The smart AI has the same core logic, except it additionally considers what it can do with the next column. How many possibilities does the AI need to consider? For the x coordinate there are 6 possibilities, and for the rotations there are 3 possibilities. Combine this with doing the same for the next column and there are only 6⋅3⋅6⋅3 = 324 possibilities. Easy! Another modification is that the initial x coordinate is random. This is merely a cosmetic feature that spreads out the jewels evenly across the board.

The full code for the smart AI is available here. All that has been added is two loops inside the already existing loop. These loops do the same thing as presented above, except for the next column.

An even deeper search strategy is possible, but I did not investigate this. The AI knows what the next column is, but it could additionally investigate every possible column that could follow that one. It can’t know for sure what column will follow, so it’s not such a good idea to use the values that lead to the maximum score in this case. Perhaps it could instead be used to avoid bad situations.

Morale of the story

I learned a few things from watching the AI playing. It’s better than me at changing its mind when it sees a better opportunity (even though that’s because it has no memory) and it’s better at seeing the consequences of its actions.
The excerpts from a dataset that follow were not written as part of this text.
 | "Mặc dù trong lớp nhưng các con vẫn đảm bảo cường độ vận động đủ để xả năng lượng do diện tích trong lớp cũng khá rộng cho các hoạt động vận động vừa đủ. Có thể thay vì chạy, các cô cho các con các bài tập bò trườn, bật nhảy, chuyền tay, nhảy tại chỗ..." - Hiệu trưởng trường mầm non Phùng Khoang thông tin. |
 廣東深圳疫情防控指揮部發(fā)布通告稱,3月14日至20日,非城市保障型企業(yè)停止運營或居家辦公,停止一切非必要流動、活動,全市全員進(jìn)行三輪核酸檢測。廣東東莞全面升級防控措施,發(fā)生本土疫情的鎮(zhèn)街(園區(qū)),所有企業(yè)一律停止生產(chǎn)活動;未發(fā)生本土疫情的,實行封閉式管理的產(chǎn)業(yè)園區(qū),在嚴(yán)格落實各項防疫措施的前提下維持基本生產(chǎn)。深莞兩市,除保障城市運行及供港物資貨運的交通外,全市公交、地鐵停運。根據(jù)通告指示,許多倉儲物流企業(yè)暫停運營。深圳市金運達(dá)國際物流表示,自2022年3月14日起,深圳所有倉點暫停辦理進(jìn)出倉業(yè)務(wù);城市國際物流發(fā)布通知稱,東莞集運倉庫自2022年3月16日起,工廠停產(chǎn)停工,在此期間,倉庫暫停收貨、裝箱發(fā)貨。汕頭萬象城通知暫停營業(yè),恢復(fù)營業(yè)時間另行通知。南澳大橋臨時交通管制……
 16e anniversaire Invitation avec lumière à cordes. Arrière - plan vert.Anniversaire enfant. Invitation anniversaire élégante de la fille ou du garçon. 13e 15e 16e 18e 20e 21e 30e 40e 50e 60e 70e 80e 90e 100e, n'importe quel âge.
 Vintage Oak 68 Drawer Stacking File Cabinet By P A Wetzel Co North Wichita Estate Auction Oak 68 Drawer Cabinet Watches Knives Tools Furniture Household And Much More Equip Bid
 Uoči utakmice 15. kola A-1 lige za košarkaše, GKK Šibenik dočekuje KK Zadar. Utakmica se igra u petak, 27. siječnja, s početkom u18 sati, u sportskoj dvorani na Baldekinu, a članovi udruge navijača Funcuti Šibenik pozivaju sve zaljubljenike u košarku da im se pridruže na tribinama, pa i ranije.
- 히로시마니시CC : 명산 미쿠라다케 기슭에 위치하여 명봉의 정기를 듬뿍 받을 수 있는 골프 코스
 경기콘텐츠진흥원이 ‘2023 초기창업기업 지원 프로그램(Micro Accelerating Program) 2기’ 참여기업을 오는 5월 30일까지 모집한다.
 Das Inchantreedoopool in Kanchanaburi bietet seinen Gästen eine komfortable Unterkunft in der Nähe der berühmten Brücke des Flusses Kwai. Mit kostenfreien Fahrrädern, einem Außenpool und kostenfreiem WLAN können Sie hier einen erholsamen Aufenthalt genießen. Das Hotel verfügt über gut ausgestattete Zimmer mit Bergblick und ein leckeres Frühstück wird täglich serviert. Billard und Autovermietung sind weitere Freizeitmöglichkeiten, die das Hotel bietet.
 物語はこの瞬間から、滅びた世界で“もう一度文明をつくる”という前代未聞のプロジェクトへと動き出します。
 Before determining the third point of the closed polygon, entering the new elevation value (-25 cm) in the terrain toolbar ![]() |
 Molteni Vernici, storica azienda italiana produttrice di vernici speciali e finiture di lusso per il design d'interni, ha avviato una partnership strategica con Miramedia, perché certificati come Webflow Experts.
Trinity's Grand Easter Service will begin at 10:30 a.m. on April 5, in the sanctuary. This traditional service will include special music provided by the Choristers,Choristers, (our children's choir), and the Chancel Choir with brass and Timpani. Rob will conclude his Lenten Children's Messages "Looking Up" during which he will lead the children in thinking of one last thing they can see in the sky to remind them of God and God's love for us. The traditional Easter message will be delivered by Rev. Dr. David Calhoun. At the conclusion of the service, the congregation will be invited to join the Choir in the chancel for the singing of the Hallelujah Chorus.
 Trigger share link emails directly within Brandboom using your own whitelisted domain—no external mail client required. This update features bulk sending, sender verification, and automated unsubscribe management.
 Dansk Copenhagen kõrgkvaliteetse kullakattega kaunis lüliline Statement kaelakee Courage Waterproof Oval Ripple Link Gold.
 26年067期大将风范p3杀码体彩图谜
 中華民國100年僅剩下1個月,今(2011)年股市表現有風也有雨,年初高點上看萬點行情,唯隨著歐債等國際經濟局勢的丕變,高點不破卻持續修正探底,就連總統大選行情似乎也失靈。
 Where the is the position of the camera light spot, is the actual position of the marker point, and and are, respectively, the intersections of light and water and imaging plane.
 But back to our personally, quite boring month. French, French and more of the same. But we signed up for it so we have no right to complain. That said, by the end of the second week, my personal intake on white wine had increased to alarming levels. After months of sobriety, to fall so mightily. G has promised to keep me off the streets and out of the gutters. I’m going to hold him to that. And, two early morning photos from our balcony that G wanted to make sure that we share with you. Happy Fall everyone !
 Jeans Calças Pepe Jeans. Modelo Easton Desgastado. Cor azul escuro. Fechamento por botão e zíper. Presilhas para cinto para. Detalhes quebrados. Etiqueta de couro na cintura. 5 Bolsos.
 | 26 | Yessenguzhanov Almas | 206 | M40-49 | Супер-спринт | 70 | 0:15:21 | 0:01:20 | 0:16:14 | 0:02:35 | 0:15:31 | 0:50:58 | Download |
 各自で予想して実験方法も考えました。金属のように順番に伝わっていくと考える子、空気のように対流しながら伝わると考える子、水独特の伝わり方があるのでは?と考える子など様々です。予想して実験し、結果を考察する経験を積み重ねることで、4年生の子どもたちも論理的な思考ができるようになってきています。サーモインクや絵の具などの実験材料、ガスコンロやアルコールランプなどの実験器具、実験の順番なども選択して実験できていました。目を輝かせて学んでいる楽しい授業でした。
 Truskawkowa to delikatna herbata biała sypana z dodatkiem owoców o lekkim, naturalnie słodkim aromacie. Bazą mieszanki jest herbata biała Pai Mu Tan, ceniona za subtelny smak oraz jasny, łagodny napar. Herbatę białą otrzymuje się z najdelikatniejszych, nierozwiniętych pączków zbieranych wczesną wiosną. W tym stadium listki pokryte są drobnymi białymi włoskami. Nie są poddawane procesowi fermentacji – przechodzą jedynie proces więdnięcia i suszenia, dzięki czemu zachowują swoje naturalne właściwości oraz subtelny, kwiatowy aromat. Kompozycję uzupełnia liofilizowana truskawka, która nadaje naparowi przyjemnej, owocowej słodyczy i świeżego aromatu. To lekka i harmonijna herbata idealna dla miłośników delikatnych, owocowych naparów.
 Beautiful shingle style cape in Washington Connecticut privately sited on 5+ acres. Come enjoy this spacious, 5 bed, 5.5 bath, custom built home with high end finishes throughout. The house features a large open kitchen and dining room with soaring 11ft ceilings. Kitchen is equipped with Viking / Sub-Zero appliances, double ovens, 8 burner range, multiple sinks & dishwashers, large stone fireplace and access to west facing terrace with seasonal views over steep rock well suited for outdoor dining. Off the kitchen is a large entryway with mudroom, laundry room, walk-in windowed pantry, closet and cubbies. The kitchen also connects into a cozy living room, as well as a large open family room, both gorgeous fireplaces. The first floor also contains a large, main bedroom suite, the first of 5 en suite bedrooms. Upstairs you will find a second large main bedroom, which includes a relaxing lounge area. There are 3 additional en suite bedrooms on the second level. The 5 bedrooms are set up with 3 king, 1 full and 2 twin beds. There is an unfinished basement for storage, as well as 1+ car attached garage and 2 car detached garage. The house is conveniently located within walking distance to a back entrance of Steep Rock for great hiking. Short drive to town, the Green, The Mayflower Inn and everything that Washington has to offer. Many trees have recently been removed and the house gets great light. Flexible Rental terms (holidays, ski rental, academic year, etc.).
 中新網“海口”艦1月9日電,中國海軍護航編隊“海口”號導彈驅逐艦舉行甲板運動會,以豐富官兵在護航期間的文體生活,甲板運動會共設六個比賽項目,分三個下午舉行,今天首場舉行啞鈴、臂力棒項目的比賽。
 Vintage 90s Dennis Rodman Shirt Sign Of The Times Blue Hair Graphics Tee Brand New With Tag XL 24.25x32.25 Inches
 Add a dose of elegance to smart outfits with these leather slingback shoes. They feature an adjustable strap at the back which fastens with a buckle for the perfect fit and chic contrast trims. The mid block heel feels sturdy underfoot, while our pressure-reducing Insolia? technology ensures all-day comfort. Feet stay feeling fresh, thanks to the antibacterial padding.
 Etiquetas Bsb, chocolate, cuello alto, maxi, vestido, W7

And of course it considers every possible action, something that can just take too much time for me in even this simple game. It turns out that I’m more like the simple AI, and I enjoy watching the smart AI playing on Slow.

I also find it interesting that the smart AI plays so well. There’s nothing intrinsic in its design that guarantees that it will not lose a game, no property that makes it a winner every time. In fact, it should not be very difficult to make a crooked random number generator that observes the AI and gives it the worst possible (yet seemingly random) columns. But with normal randomness that doesn’t seem to happen. If some of the game parameters are changed (smaller board, different number of colors, etc) then even the smart search will lose. It looks like the game designer tried out a few variations and came up with one that works.